# My thoughts for the day......



## Lovingwife315 (Dec 10, 2012)

I have reflected alot about my marriage and the years we were together before....I know we have both rewritten history, him to make it worse, me to make it better than it was. It is life, sometimes life sucks......but I know this man better than anyone on this earth, we have been best friends and lovers since the day we meet in 1995. I believe in soulmates, I believe in second chances, I believe in forever. I have not forgotten the crap his has done or said and he should not forget the hurt I have caused.....if we can find our way back to each other, it will make us stronger....I am what you call a "stander" I will not entertain the discussion of divorce , my husband has been kidnapped by pod people. BUT I WILL NOT PUT MY ENTIRE LIFE ON HOLD UNTIL HE RETURNS TO EARTH. I will go on, being happy, being the best mom, friend, employee, daughter, person I can be until he realizes what he has lost. And I will help him maintain the best relationship he possibly can with his kids until then. The only thing I will NOT do is date, because my heart belongs to someone else. But that isn't everything....I am going to try my own version of 180. Because he really does need to start feeling the consequences of his choice to leave.......I feel so sad for him, but I believe that he will come back to me someday. I have Faith, Hope and Love that we are meant to be together. 

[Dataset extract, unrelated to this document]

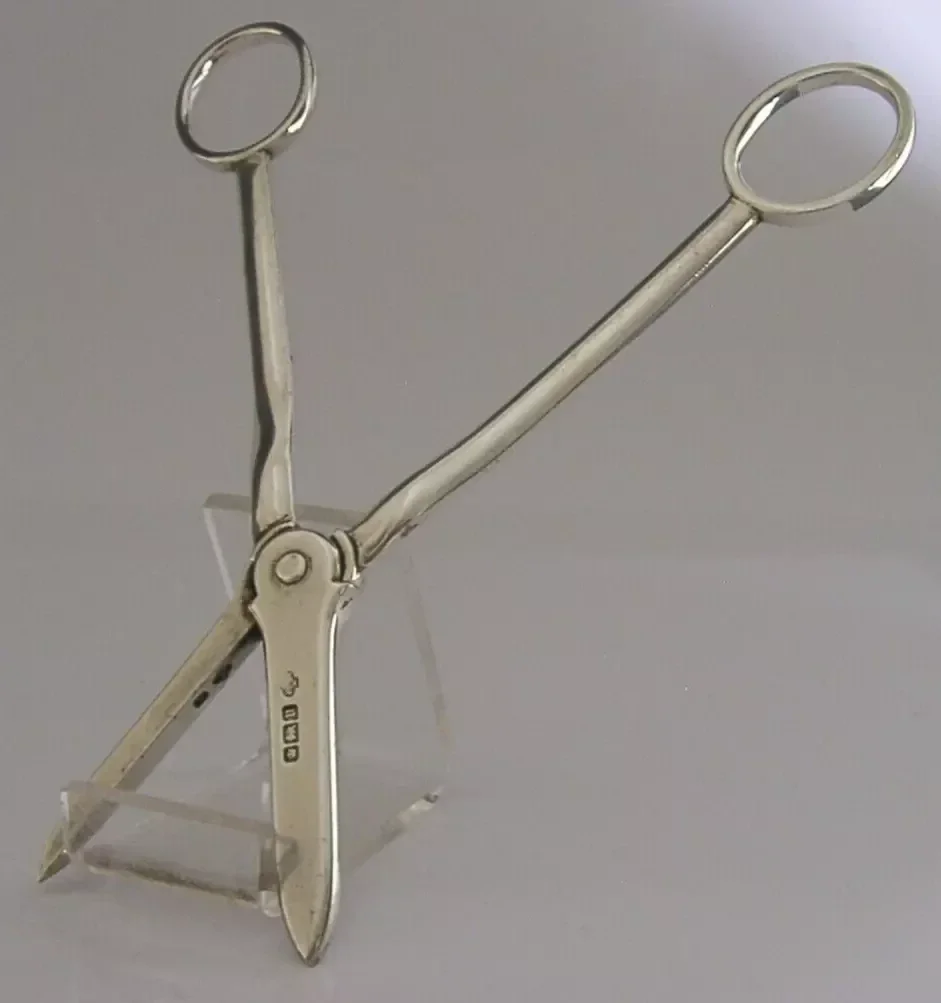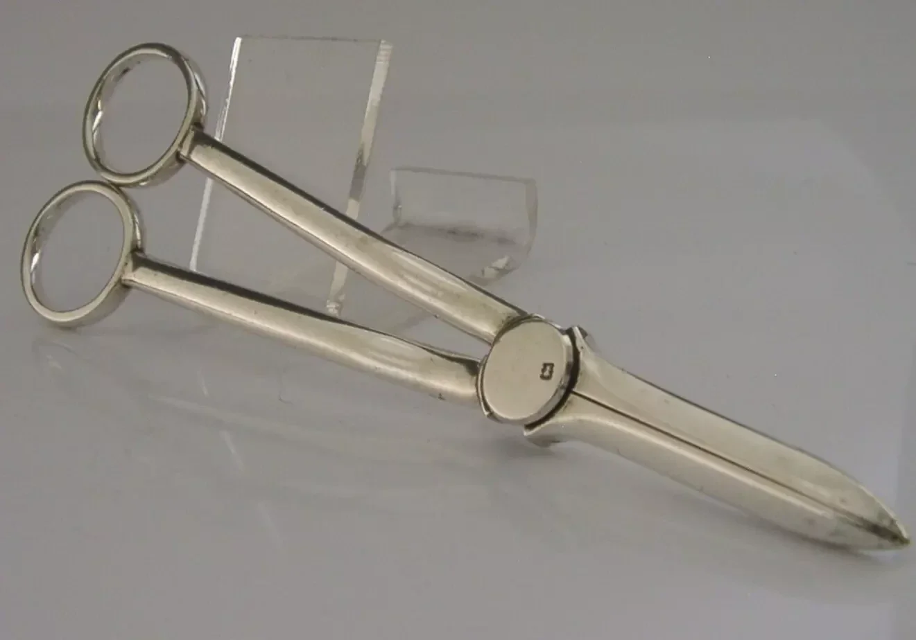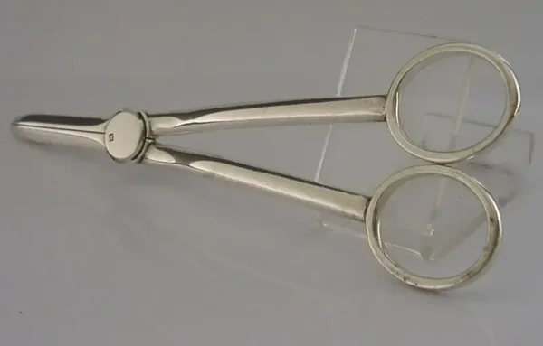Very high quality English antique solid sterling silver grape shears. They are hallmarked for Sheffield 1912 with the maker’s marks being that of William Hutton & Sons. They have been superbly made and are in superb condition being free from dings splits distortions and repairs. They measure approx. 6.25 inches (16cm) long by 2 inches (5cm) wide at the handles and weigh 70 grams. Superbly made very high quality examples.

In the meantime I will start to FIND myself again.....and enjoy life the best I can.


----------



## zillard (Nov 13, 2012)

Lovingwife315 said:


> BUT I WILL NOT PUT MY ENTIRE LIFE ON HOLD UNTIL HE RETURNS TO EARTH. I will go on, being happy, being the best mom, friend, employee, daughter, person I can be until he realizes what he has lost.


Doing these things to make him realize what he has lost *IS* putting your life on hold.


----------



## Lovingwife315 (Dec 10, 2012)

zillard said:


> Doing these things to make him realize what he has lost *IS* putting your life on hold.


Let me clarify..... I am doing those things for me and my life with my children. Regardless of if he realizes what he has lost.
_Posted via Mobile Device_


----------



## zillard (Nov 13, 2012)

Lovingwife315 said:


> Let me clarify..... I am doing those things for me and my life with my children. Regardless of if he realizes what he has lost.
> _Posted via Mobile Device_


For how long will you do that an not date? 1 year? 5? 20?


----------



## Lovingwife315 (Dec 10, 2012)

zillard said:


> For how long will you do that an not date? 1 year? 5? 20?



I don't know. I don't need just any relationship to fill a void. I will only date when I feel that my heart us free to give to someone else. It would be unfair to another person and me to just date for the hell of it. I don't need to. I love my life. And I am very lucky to have great friends and kids.
_Posted via Mobile Device_


----------